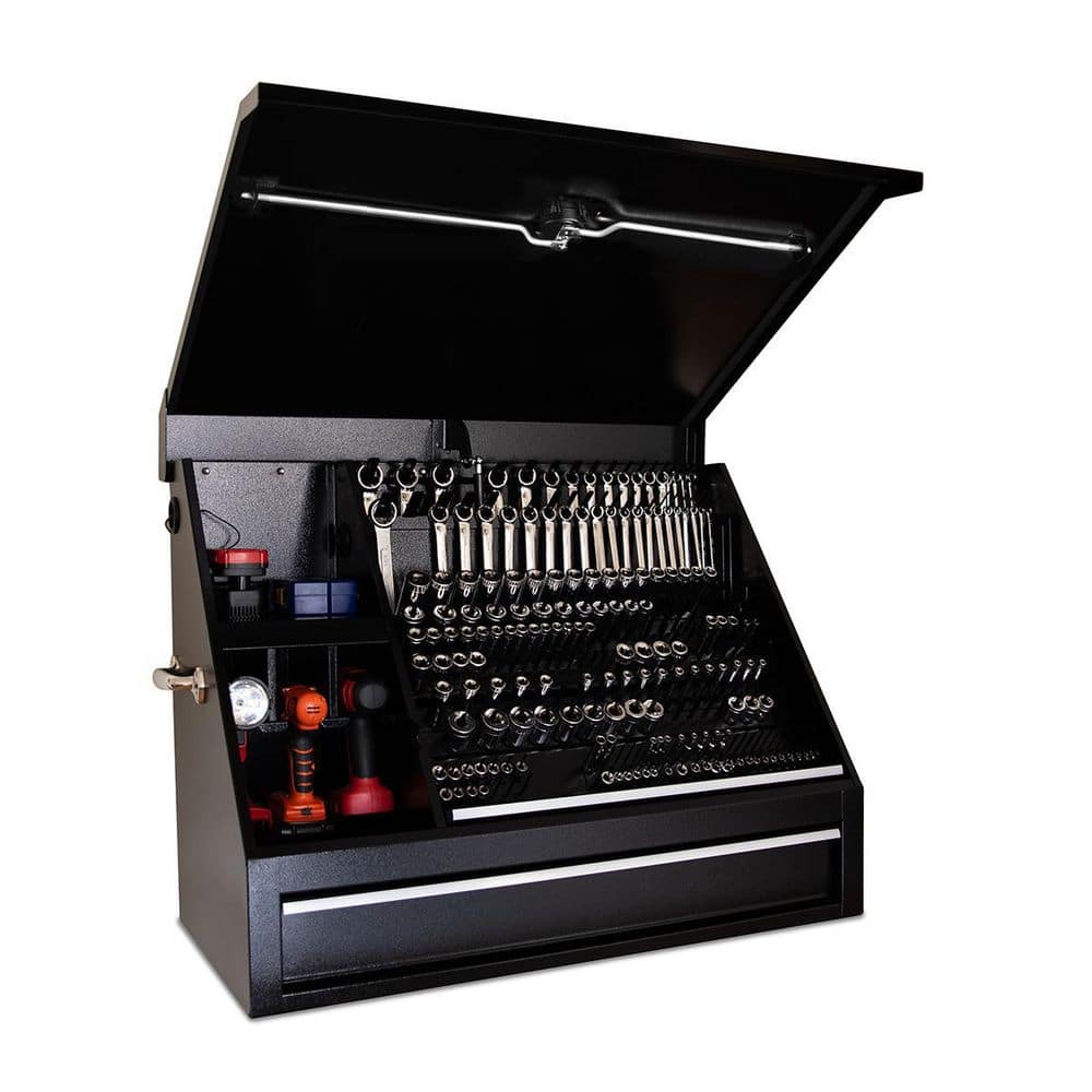 Montezuma 37 in. W x 18 in. D 1-Drawer Black Steel Portable Shop Triangle Tool Box Chest for Sockets, Wrenches and Screwdrivers
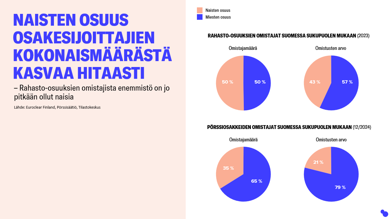 Niin kuin @Marianne_Palmu aiemmin totesikin, me naiset olemme kuitenkin aliedustettuja osakemarkkinoilla (ainakin vielä toistaiseksi). Nimittäin tutkimusten mukaan naisten osuus osakesijoittajista on pysynyt noin kolmanneksessa (12/2024: ~35%) viimeisen vuosikymmenen aikana, vaikka osakesijoittajien määrä kokonaisuudessaan on kasvanut vauhdilla.
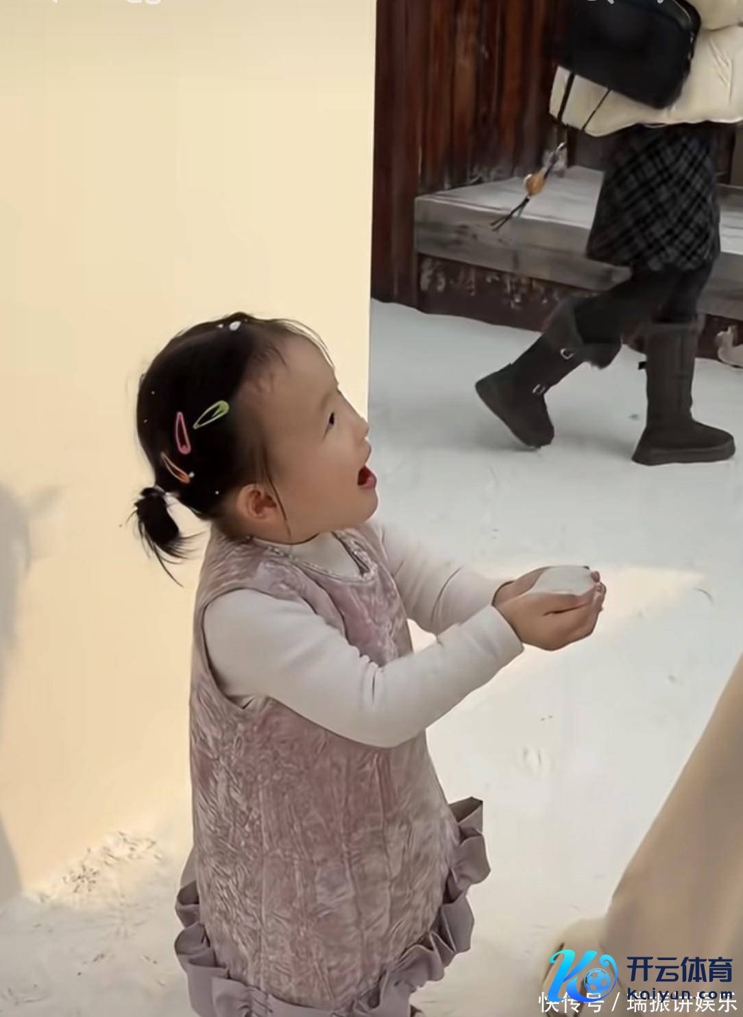 黄一鸣全程跟在男儿身边,怕她滑倒,一手轻轻护着闪闪的后背,一手拿着透明雨伞,既不挡住孩子看雪的视野,又能帮她挡掉飘来的小雪花。
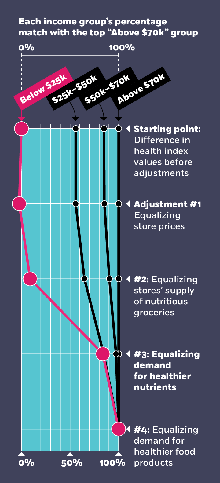 Demand-side factors rather than supply-side factors explain most of the nutrition gap between lower- and higher-income households. A counterfactual analysis finds that if everyone had the same access to healthy food, with the same prices, the nutrition gap would narrow by 9 percent. But if everyone shared the same food and nutrient preferences, the gap would shrink by 91 percent.
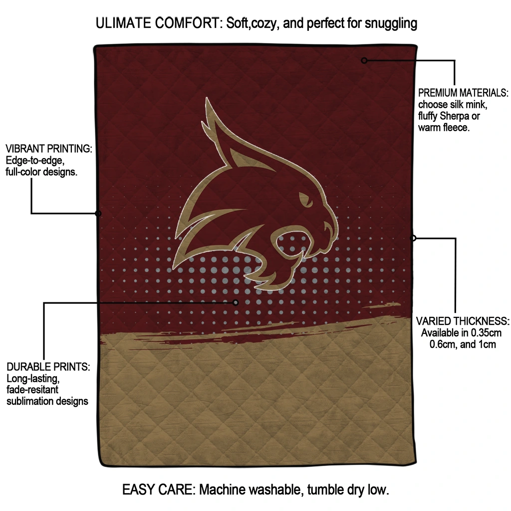 Texas State Bobcats Dot Illusion Maroon Quilt Blanket
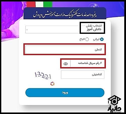 انتخاب نقش و وارد کردن کد ملی و سریال شناسنامه
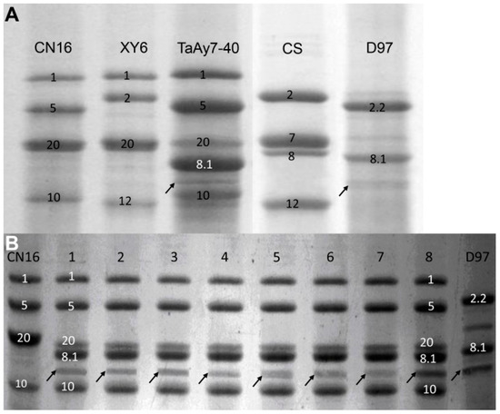 Sodium dodecyl sulfate polyacrylamide gel electrophoresis (SDS-PAGE) analysis showed that the female CN16 had five HMW-GSs, including 1Ax1 at the Glu-A1 locus, 1Bx20 + 1By20 at the Glu-B1 locus, and 1Dx5 + 1Dy10 at the Glu-D1 locus. 1Ay was not detected in CN16. The male D97 had three HMW-GSs, including 1Ax2.2 [36] + 1Ay at the Glu-A1 locus and 1By8.1 at the Glu-B1 locus. However, the resulting introgression line TaAy7-40 possessed six HMW-GSs, including 1Ax1 and 1Ay at the Glu-A1 locus, 1Bx20 and 1By8.1 at the Glu-B1 locus, and 1Dx5 and 1Dy10 at the Glu-D1 locus, compared with the HMW-GSs composition of D97, XY6, and CN16 (Figure 2A). Further analysis by eight randomly sampled grains confirmed that the six HMW-GSs were highly stable in TaAy7-40 (Figure 2B) and that its 1Ay had electrophoretic mobility similar to the fast subunit 1Ay in the D97 profile (Figure 2A,B).
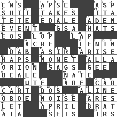 ACROSS 1. Followers of ems 4. Domed church section 8. Viper 11. Costume for a special activity 13. Receives possession of 15. Call ___ day 16. Wig 17. Peak District village in England 18. Arabian gulf 19. Happening 21. Girls' org. (abbr.) 22. Floor protectors 23. Greek goddess of the dawn 24. Trim (branches) 27. Infant locale 29. 43,560 square feet 30. Soviet premier 1918-24 34. Pat or tap gently 36. SW Saudi Arabia district 39. Ascend 40. Atlas contents 41. Music written for nine 43. Silent film actress Nazimova 44. Constellation of myth 46. Droops 47. Unit of force equal to gravity 48. Calif. Air Force Base 49. Nathan's nickname 51. Shoshoni 53. "We ___ not amused" (Victoria) 54. Auto 57. Draw slowly or heavily 60. Two (Sp.) 63. Place in a line 65. Mitch Miller's instrument 66. Annoying sound 69. Ancient Greek god of war 70. Allow 71. Showery time 72. Naughty child 73. _ moment's notice (2 wds.) 74. Arranges properly for use 75. Big collection agency DOWN 1. First name in cosmetics 2. New (sp.) 3. Locates 4. Had dinner 5. Groovy apt. 6. Heroin 7. Snakelike fish 8. Opera by Verdi 9. Proofreading order 10. Zero-star reviews 12. "___ Little Indians" 14. Lick closed 18. Electrical Measurement 20. Affectionate concern, for short 25. NW Algerian seaport 26. Mexican monetary units 28. Insect wing 29. Utter; complete 31. "Death on the ____" 32. Capri or Wright 33. Teachers' org. 34. Have the gumption 35. Capital of Western Samoa 37. _ tizzy (2 wds.) 38. Rain (Swedish) 40. Crowd into 42. Russian ruler of old 45. Fish or hair follower 50. Afternoon social gathering 52. Pulitzer Prize-winning author Ferber 54. High-altitude cloud 55. Approach 56. Musical pauses 57. Root beer relative 58. Collude with 59. Round or rotation of duties 61. I made a mistake 62. Father 64. Experiment locale 67. Be seated 68. Raised railways
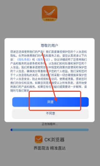 1、下载安装CK浏览器app,之后在手机上打开,同意相应的权限

○ ○ ○ ○ ○ ○ ○

• _WHAT IS NEEDED_: Give back, exactly as written, the lines from the top of the material above to the line containing "Texas State Bobcats", both included; skip every picture.

• _OUTPUT_:
 Montezuma 37 in. W x 18 in. D 1-Drawer Black Steel Portable Shop Triangle Tool Box Chest for Sockets, Wrenches and Screwdrivers
 Niin kuin @Marianne_Palmu aiemmin totesikin, me naiset olemme kuitenkin aliedustettuja osakemarkkinoilla (ainakin vielä toistaiseksi). Nimittäin tutkimusten mukaan naisten osuus osakesijoittajista on pysynyt noin kolmanneksessa (12/2024: ~35%) viimeisen vuosikymmenen aikana, vaikka osakesijoittajien määrä kokonaisuudessaan on kasvanut vauhdilla.
 黄一鸣全程跟在男儿身边,怕她滑倒,一手轻轻护着闪闪的后背,一手拿着透明雨伞,既不挡住孩子看雪的视野,又能帮她挡掉飘来的小雪花。
 Demand-side factors rather than supply-side factors explain most of the nutrition gap between lower- and higher-income households. A counterfactual analysis finds that if everyone had the same access to healthy food, with the same prices, the nutrition gap would narrow by 9 percent. But if everyone shared the same food and nutrient preferences, the gap would shrink by 91 percent.
 Texas State Bobcats Dot Illusion Maroon Quilt Blanket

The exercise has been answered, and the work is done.